Understanding Bayesian Networks: A Comprehensive Guide

A Bayesian network is a probabilistic graphical model that represents a set of random variables and their conditional dependencies via a directed acyclic graph (DAG). Each random variable encodes some aspect of the world for which we may have uncertainty. These random variables are usually denoted using capital letters such as:

$T$ : Is it raining?
$H$ : Heads or tails?
$Q$ : How long will it take to reach the front of the queue?
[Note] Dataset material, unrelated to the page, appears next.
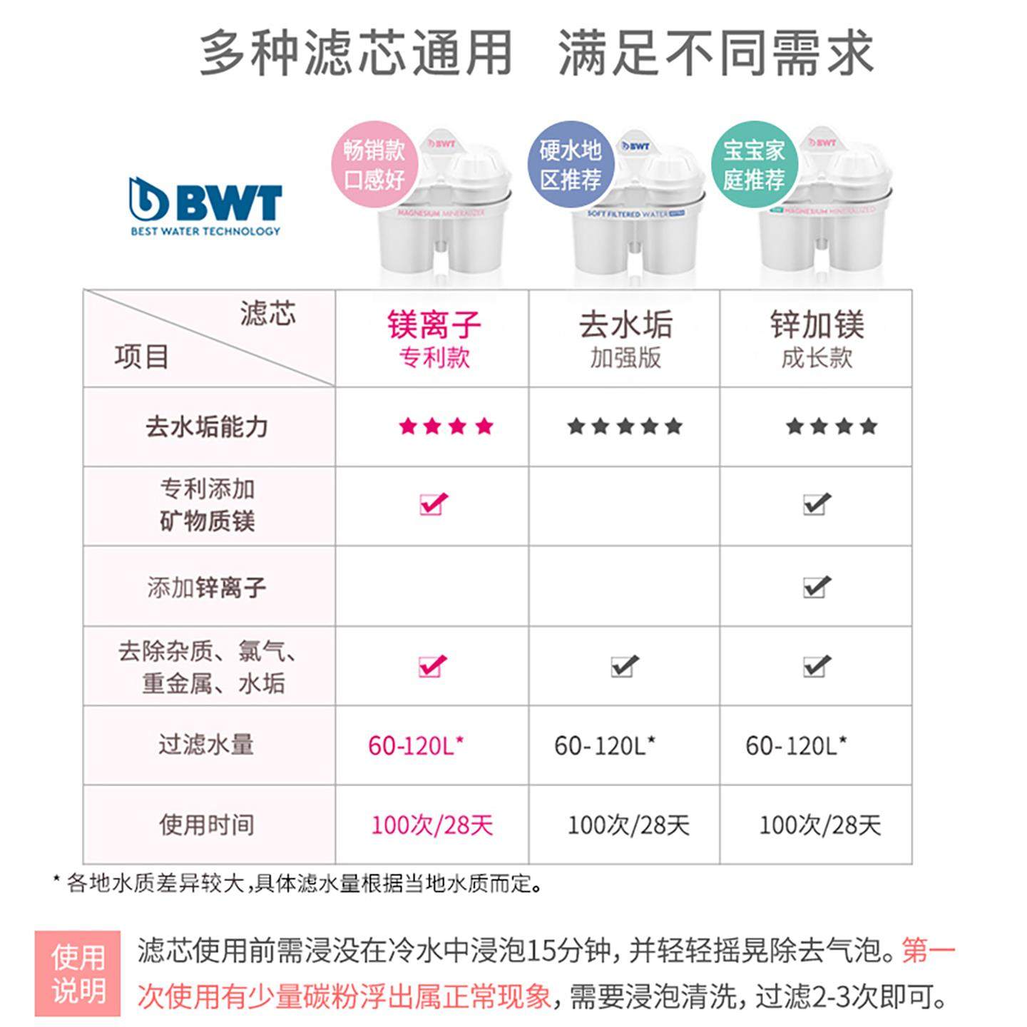 bwt滤芯德国倍世净水壶过滤壶滤芯家用净水器通用滤芯进口矿化芯

Random variables can be discrete or continuous. Each random variable is assigned a value from its domain. For example, $H \in \{\text{heads, tails}\}$ and $Q \in [0,\infty)$ .

Probability Basics

We assign a probability value to each value a random variable takes. For example, we can assign a value of $0.5$ to heads and $0.5$ to tails. There are three types of probability values:

Marginal Probability

Marginal probability $P(x)$ is the probability of a single event occurring without any consideration of other events. It is derived by summing or integrating over the possible values of other random variables.

Joint Probability

Joint probability $P(x,y)$ is the probability of two or more events occurring simultaneously. It is the probability of the intersection of events, representing the combined outcome of these events.

Conditional Probability

Conditional probability $P(x|y)$ is the probability of an event occurring given that another event has already occurred.

Probability Rules

probability rules allow us to establish relationships between different probabilities. For instance, we can relate marginal probabilities to joint probabilities 🎲

Law of Total Probability The law of total probability relates marginal and joint probabilities. It’s given by:

P(X) = \sum_{i} P(X, Y_i)

It states that the marginal probability of an event can be found by considering all possible ways that the event can occur jointly with the other variable.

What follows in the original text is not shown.